I can relate to overbuilding. I built the attached stand for a 60gal aquarium. There are basically (8) 4x4's for legs. Then, we ended up with a turtle instead of fish, and the tank is never more then half full, and my stand nearly outweighs what it is supporting. 

Oh well - at least I don't lose sleep that it might come crashing down.


----------



## AcesFull (Jan 6, 2008)

Scafremon said:


> I can relate to overbuilding. I built the attached stand for a 60gal aquarium. There are basically (8) 4x4's for legs. Then, we ended up with a turtle instead of fish, and the tank is never more then half full, and my stand nearly outweighs what it is supporting.
> 
> Oh well - at least I don't lose sleep that it might come crashing down.


Schweeeeeeeeeeeeeeeet!!! :thumbsup:


----------



## valongi (Dec 23, 2007)

Good job on the table, Aces. For my table, supporting a 3/4 in. 4x8 and homasote top, I resorted to stealing my own work table that was built on top of 2x4's. I took the design from an online woodworking site (I'll try to dig it up and post it up here).

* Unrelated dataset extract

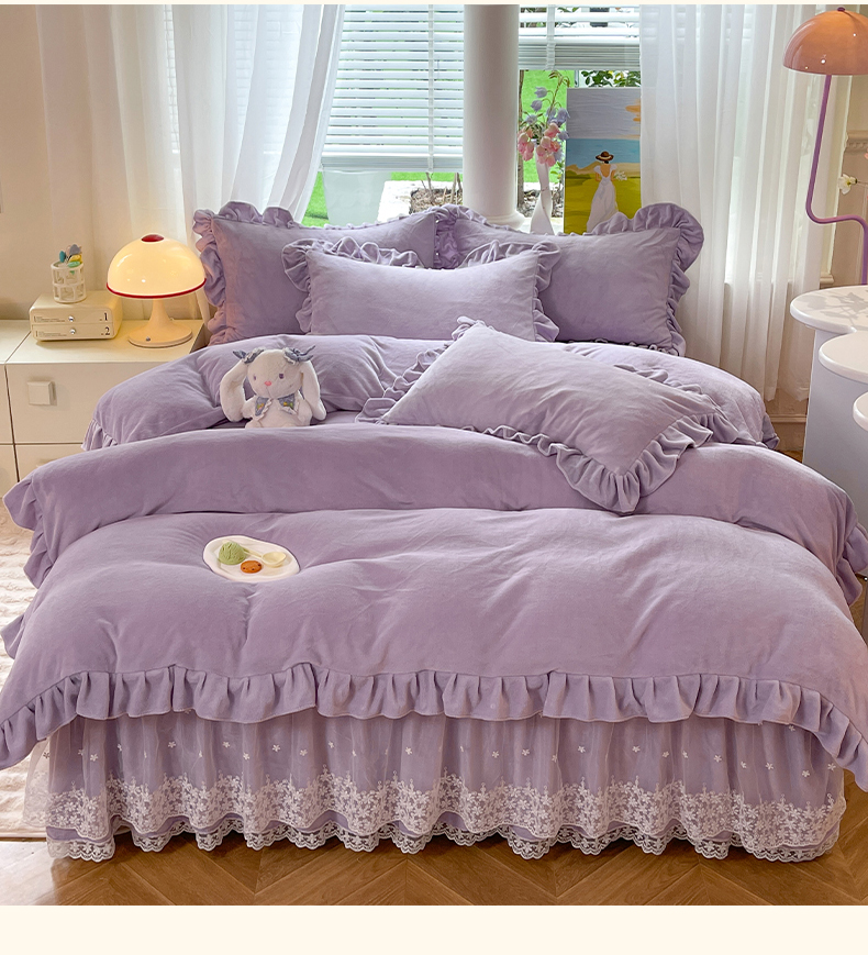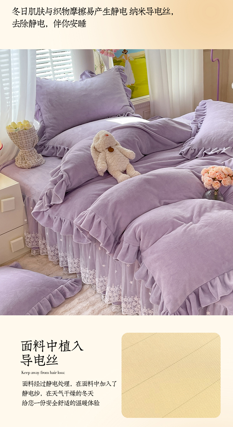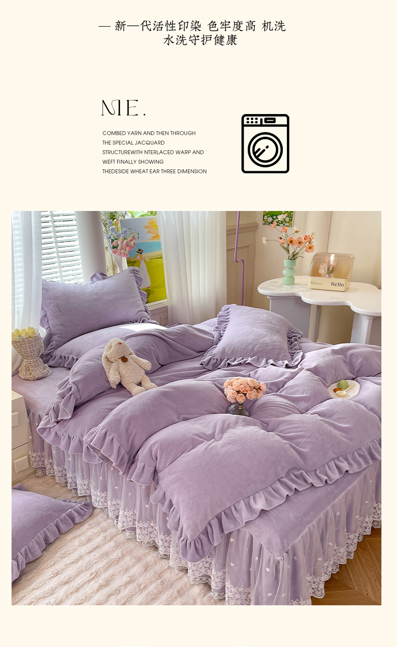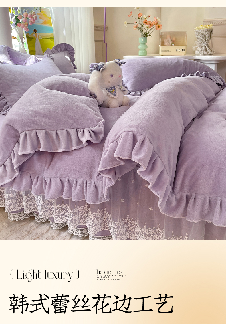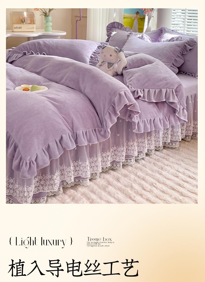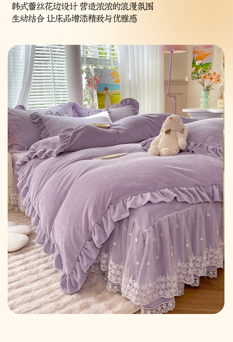 商品名称:【8斤重】2025新款秋冬加厚牛奶绒床裙款四件套法式浪漫蕾丝花边工艺-遇见系列 遇见-浪漫紫

What type of material would anyone use to soften the blow of slamming against side walls as an over-lay? My first thought, foam core, wouldn't seem to be so durable over the long haul.


----------



## f1nutz (Mar 26, 2007)

*soft barrier material*

Nice Table!
To protect the cars from slamming the wood on my track I used foam floor matts the ones that come like puzzle pieces about 3/8 inches thick and cut them into 2 inch strips. I got them from a dollar store. The srtips can be bent around corners or glued to the wood side. You can insert a nail through vertically and hammer them into the surface of the table too. It works really well. I painted them red and white stripes to look like the fisa tire barriers, the type that have a layer of plastic in front of the tires. You can see it a bit in the back of these pics. Sorry I don't have a shot of it.


----------